Baluchistan has another hugely important strategic asset coming up on its soil - the Gwadar port which is scheduled to be operational in 2009. The Pakistan-China pact of 2002 for the construction of Gwadar, located in the Arabian Sea on the mouth of Persian Gulf, has made Baluchistan important to Islamabad like never before.

Along with the Gwadar port, Islamabad also has ambitious plans of creating a massive road network which will facilitate the movement of goods from China and Central Asian Republics to the countries of the Persian Gulf, West Asia, East Africa, the Indian Ocean and beyond.

The Gwadar port, the brainchild of China, will give Beijing easy and smooth access to Central Asia for trade and strategic cooperation.

Unfortunately for Islamabad, Baluchistan has a history, and a bitter one at that. Few would know that after partition of India and Pakistan, Baluchistan remained an independent kingdom for seven-and-a-half months.

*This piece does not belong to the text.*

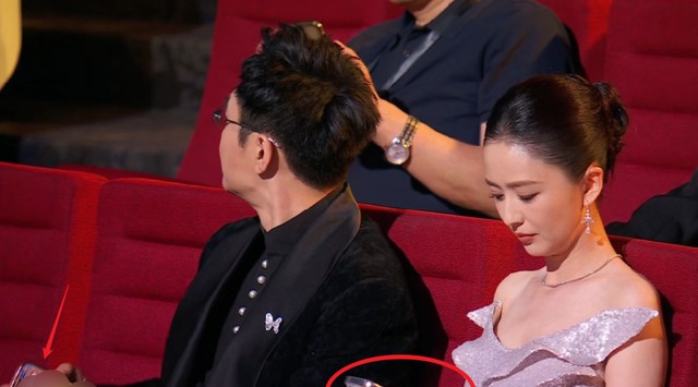 吴磊和张钧甯就被现场媒体发现低头玩手机,虽然有椅子挡着,但是旁边蒋勤勤和王传君都看着台上,而吴磊和张钧甯却低头,对比非常明显。
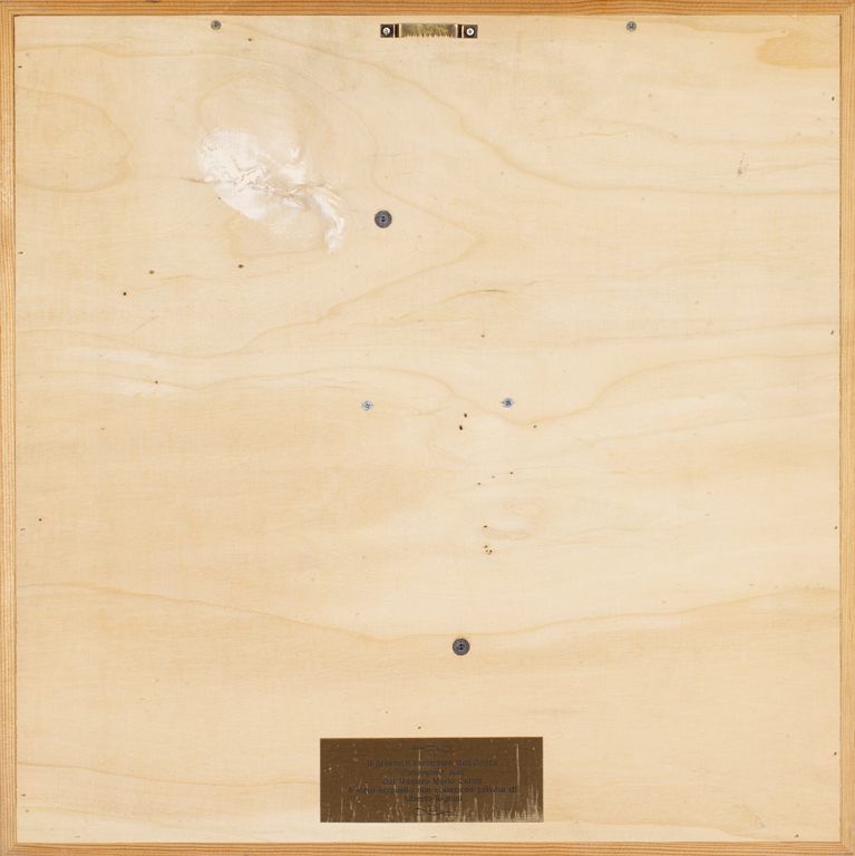 Bassorilievo in ottone (diametro 30 cm) su fondo in legno serigrafato a colori

The present-day Baluchistan was then known as Kalat comprising several small principalities, apart from the vast Baluchistan. The assembly of the Kingdom of Kalat had passed a unanimous resolution in August 1947 declaring independence as the people of Kalat did not wish to accede to Pakistan.

After persistent diplomatic efforts from Pakistan the King of Kalat travelled to the Pakistani capital in March 1948 and signed the accession deed. Immediately thereafter, the King was put under arrest.

Meanwhile, a massive rebellion started in Baluchistan and people took to streets in Quetta and other Baluch cities. Pakistan used brutal military might to suppress the Baluch struggle. Since then the Pakistan Army has launched brutal repression of Baluchistan four times, the last one continuing currently.